In the records below, count the lines that have "peserta" and answer with the number alone.

● Stored items from a collection
____

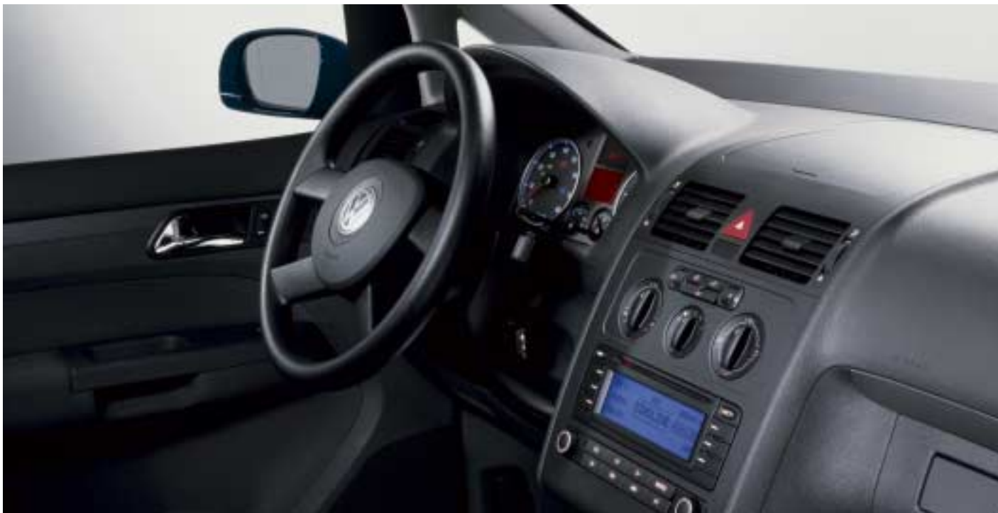
Bilen på bilden är extratrustad.
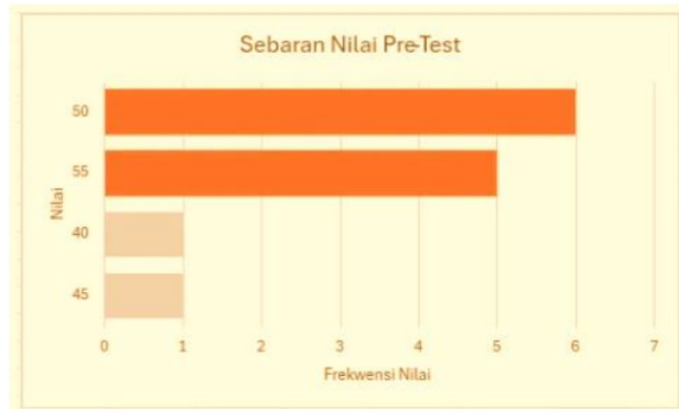
Gambar 1. Sebaran nilai test peserta pelatihan sebelum mengikuti pelatihan.

Keberhasilan program tersebut juga dinilai dari penguasaan peserta terhadap materi yang diajarkan dan kemampuan mereka untuk mengaplikasikannya dalam situasi nyata. Berdasarkan hasil evaluasi pre-test and post-test selama pelatihan, dapat disimpulkan bahwa terdapat peningkatan yang signifikan dalam pemahaman dan keterampilan peserta setelah.
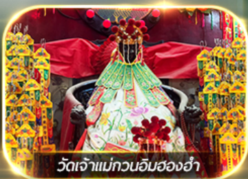
วัดเจ้าแม่ทวนอิมสองอ้า
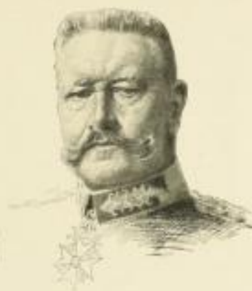
Generalfeldmarschall von Hindenburg
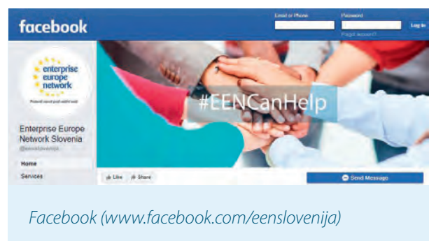
Facebook ( www.facebook.com/eenslovenija )

S prijavo na prejemanje rednega mesečnega obvestila v elektronski obliki (ang. newsletter), boste v vaš elektronski poštni nabiralnik prejeli pregled izpostavljenih dogodkov v Sloveniji in v tujini, aktualne razpise, borzo poslovnih in tehnoloških priložnosti v obliki povpraševanj in ponudb ter druge novice in objave. S samo zasnovo sledimo ustaljeni obliki strnjenih informacij v obliki spletnih povezav s kratkim povzetkom. Prejemanje novic je brezplačno.
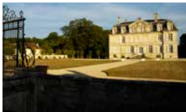
Château de Guiry-en-Vexin
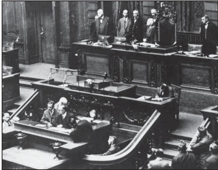
Clara Zetkin presidiendo el Reichstag en 1932

Ella escribiría: "Lo que merece una atención particular es el hecho de que en los países del Próximo y Extremo Oriente, las mujeres vinculadas a las tradiciones,
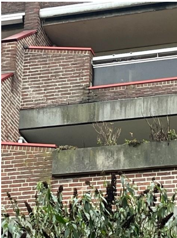
Figuur 11, uitgespoeld voegwerk met vervuiling
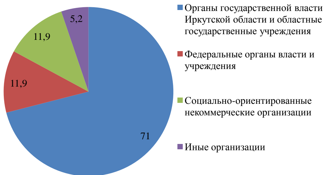
Распределение помещений, предоставленных на безвозмездной основе, между категориями пользователей, %

В связи с передачей субъектам Российской Федерации (в том числе Иркутской области) ряда государственных полномочий Российской Федерации, созданием новых ИОГВ Иркутской области и ОГУ для осуществления государственных полномочий спрос на нежилые помещения областной собственности значительно превышает возможности их предоставления. Данная ситуация усугубляется также высокой степенью изношенности фондов.
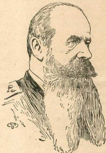
† Степан Осиповић Макаров рођен 1848, погинуо 31. марта (13. апр.) 1904.

Руску морнарицу код Порт-Артура задесио је у среду тежак удар. Јапанска флота приближила се из јутра Порт-Артуру, на који је већ толико пута ударала. Кад су се јапанске лађе
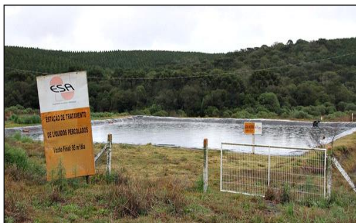
Figura 2 - Lagoa Anaeróbia do Aterro Sanitário Municipal.

Em relação ao tratamento biológico, a lagoa anaeróbia (Figura 2) é uma das unidades de tratamento, onde a existência de condições estritamente anaeróbias é essencial. Isso é alcançado através do lançamento de uma grande carga de DBO (Demanda Bioquímica de Oxigênio) por unidade de volume da lagoa, fazendo com que a taxa de consumo de oxigênio seja várias vezes a taxa de produção; cujo valor balizador é de 3 mg/L O 2 para águas doces da classe I, conforme Resolução CONAMA nº 357 de 2005.

____

● Answer section
2